Mohammad Yunus (4 July 1944 – 27 March 2021) was a politician of Bangladesh Nationalist Party and then MP of Comilla-14 and Comilla-5 constituencies.

Birth and early life 
Yunus was born on 4 July 1944 in Gobinath village of Piryatrapur union in Burichang upazila of Comilla district.

Career 
Yunus was the organizer of the liberation war.

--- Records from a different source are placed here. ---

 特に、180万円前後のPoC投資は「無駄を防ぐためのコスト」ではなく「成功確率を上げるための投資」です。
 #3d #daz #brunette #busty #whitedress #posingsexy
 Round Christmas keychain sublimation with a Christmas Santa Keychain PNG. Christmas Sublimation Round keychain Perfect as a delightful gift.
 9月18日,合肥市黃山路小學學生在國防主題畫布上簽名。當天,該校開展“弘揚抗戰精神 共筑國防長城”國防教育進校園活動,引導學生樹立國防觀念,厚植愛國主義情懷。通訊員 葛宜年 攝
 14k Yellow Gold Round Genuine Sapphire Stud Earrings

He played an active role in all the political activities of the time including the 6-point movement, language movement and participation in the war of independence of Bangladesh.

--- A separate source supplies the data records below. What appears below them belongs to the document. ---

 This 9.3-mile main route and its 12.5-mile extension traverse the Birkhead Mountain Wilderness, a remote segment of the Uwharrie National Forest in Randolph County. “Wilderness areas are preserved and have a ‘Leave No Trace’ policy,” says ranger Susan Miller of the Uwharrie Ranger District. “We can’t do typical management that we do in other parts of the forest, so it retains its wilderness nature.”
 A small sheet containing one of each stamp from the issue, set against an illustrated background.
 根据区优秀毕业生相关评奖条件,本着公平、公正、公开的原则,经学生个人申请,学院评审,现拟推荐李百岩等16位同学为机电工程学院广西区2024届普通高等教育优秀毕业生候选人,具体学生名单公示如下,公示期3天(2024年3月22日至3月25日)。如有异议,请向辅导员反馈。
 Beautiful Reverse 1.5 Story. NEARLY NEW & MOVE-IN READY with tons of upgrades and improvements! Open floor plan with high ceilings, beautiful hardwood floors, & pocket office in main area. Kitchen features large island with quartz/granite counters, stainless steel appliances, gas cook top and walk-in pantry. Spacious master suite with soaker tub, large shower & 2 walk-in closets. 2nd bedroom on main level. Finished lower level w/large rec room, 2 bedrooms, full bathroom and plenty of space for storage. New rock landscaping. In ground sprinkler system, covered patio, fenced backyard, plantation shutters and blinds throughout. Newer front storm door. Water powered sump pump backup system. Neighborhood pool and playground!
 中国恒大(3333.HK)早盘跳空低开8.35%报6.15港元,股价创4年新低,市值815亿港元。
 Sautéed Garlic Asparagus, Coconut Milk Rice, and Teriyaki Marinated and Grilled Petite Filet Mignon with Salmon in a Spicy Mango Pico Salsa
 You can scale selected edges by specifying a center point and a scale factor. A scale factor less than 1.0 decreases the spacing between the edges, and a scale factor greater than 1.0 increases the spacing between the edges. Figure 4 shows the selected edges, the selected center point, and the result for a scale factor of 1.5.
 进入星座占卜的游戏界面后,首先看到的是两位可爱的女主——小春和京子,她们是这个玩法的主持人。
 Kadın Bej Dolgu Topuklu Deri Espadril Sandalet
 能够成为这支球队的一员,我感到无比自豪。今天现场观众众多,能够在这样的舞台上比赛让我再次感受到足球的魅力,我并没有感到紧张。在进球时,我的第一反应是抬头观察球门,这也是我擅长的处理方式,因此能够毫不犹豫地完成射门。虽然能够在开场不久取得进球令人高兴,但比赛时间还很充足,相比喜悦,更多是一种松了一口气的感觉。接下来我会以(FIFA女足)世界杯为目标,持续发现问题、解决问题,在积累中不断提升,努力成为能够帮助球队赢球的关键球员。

In the first parliamentary elections of 1973, he won the then Comilla-14 seat as a candidate of the Bangladesh Awami League.

As a candidate of Jatiya Party, he won the third Jatiya Sangsad election of 1986 and the fourth Jatiya Sangsad of 1988 from Comilla-5 constituency.

He was elected a Member of Parliament from the Bangladesh Nationalist Party in the 8th Parliamentary Election of 2001.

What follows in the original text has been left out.